#### [Exercise objective]
Please return, exactly and only, the lines beginning at the top of the entries below and ending with the line containing "Figure 9 : Représentation"; keep out the pictures.

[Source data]
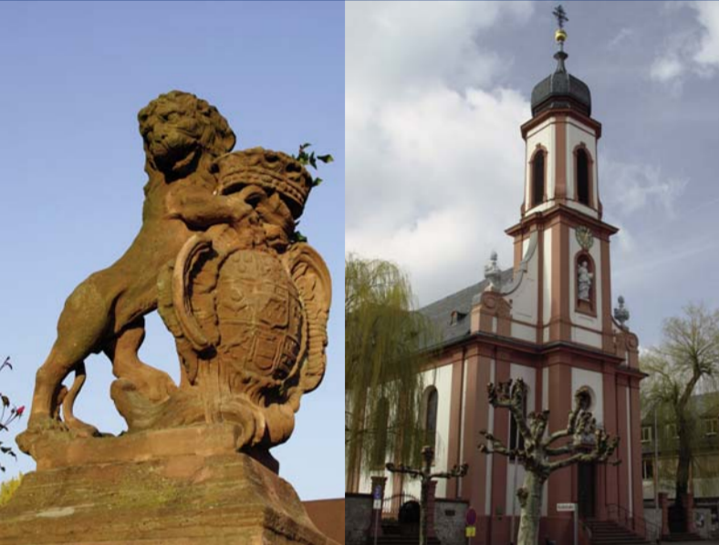
6 Heusenstamm: Schloss Schönborn ▲ 6 Heusenstamm: Barockkirche St. Cäcilia ▲
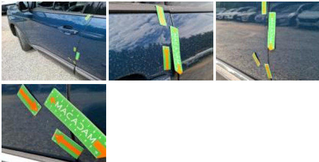
Moulure porte AVG, Griffe(s), E - Remplacer
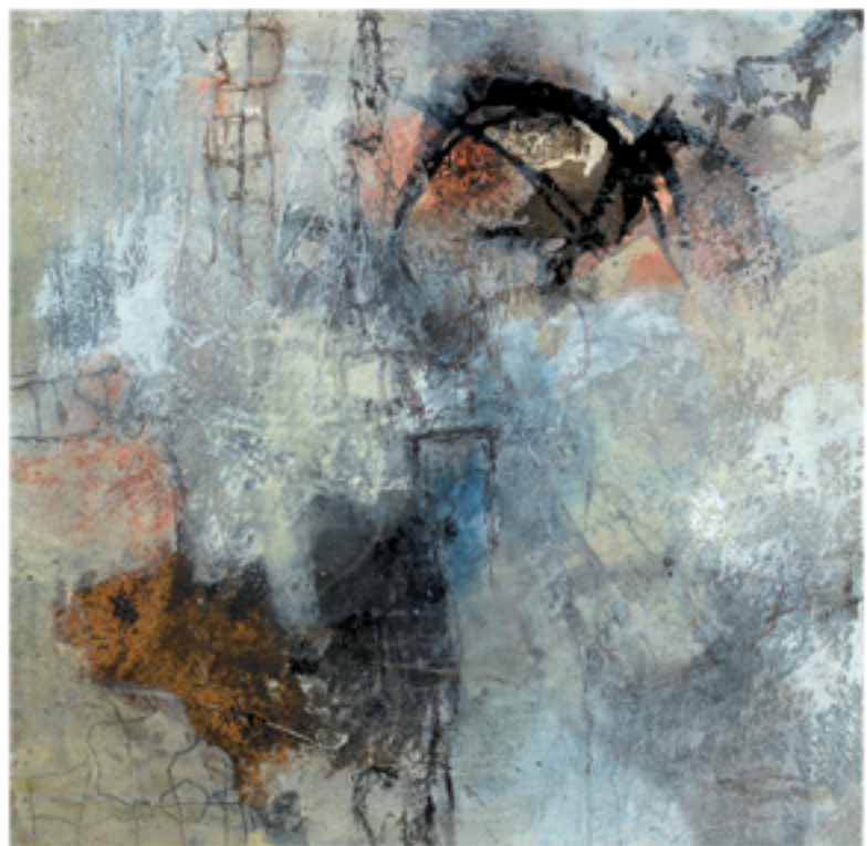
Sorpresa III Acryl/Mischtechnik | 60 x 60 cm | 2013
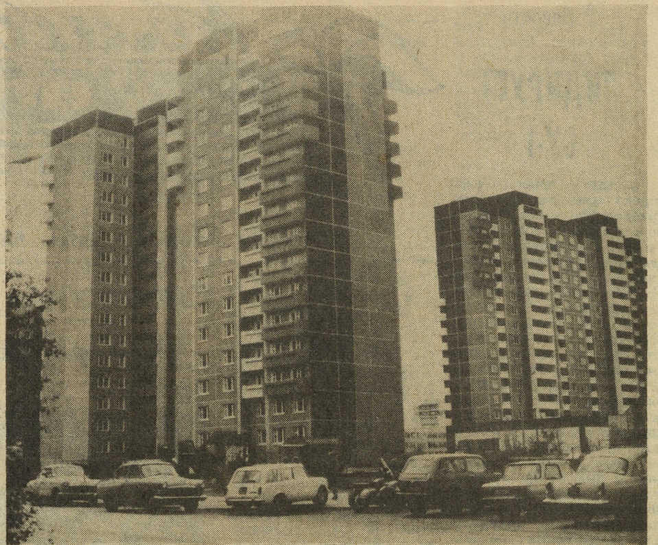
Высотные дома, возведенные нашим коллективом на ул. Сыромятова в микрорайоне «Комсомольский».
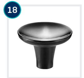
18 CODE 4594
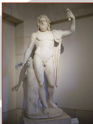
Figure 9 : Représentation de Jupiter au musée du Prado, à Madrid.

Saturne exigea de son épouse qu'elle lui remît ses nouveaux nés, et il les dévorait. Mais Cybèle par ruse parvint à sauver Jupiter et le fit nourrir et élever par deux nymphes.

#### [Your response]
6 Heusenstamm: Schloss Schönborn ▲ 6 Heusenstamm: Barockkirche St. Cäcilia ▲
Moulure porte AVG, Griffe(s), E - Remplacer
Sorpresa III Acryl/Mischtechnik | 60 x 60 cm | 2013
Высотные дома, возведенные нашим коллективом на ул. Сыромятова в микрорайоне «Комсомольский».
18 CODE 4594
Figure 9 : Représentation de Jupiter au musée du Prado, à Madrid.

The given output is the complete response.